Somalier creates an ancestry report which can be viewed on the ancestry tab of the VCF page example report). This feature is currently “experimental”
Samples are displayed on a PCA plot with individuals from the 1000 genomes project, which have labelled ancestries.
Somalier makes an ancestry prediction by comparing a sample with clusters from data with labelled ancestries.
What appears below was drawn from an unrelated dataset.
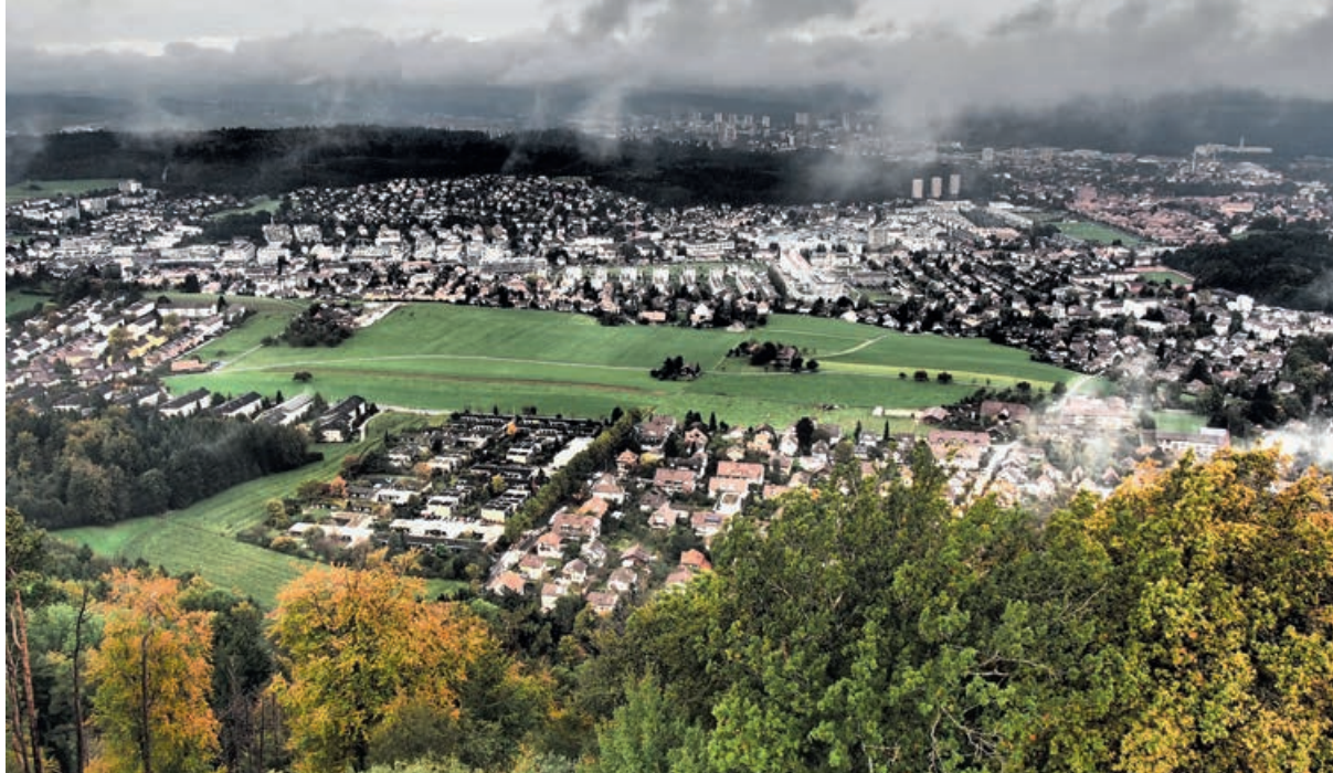
Abb 2 Urban Forestry betrifft sämtliche urbanen Frei- und Grünflächen im Siedlungsbereich mit Holzgewächsen – von Wäldern, Baumgruppen und Einzelbäumen über private und öffentliche Parks und Gärten bis hin zu Friedhöfen, Spielplätzen, Sport- und Freizeitanlagen.

1997, Konijnendijk et al 2000, 2005, 2006, Konijnendijk 2003), die zeigen, dass sich Urban Forestry als Thema, Disziplin und Wissensgemeinschaft weltweit etabliert hat. Mit einem Teilaspekt von Urban Forestry befasst sich die laufende COST Action FP1204 «Green Infrastructure approach: linking environmental with social aspects in studying and managing urban forests». 5

The reported ancestry on the samples grid is the primary one and does not include admixture. A full breakdown of scores for all population groups can be found on the ancestry tab on the view sample page.
The amount of sites used will depend on a Sample’s capture regions and sequencing depth (default min of 7). At least 1000 informative sites are required for robust calculation of the relatedness coefficient.
You can view how many sites Somalier used from a sample by going to the ancestry tab on the view sample page (under “Extract”)
If a large number of unexpected samples are displayed as related, confirm the sample data type is an accepted input and that the sample has passed QC.
Comparisons work across genome builds and tissue types and can be used to compare RNA-seq, WES, bisulfite and WGS data.
Multi-sample vcf: Ideal input
Single sample vcf: Missing variants are assumed homozygous for reference allele.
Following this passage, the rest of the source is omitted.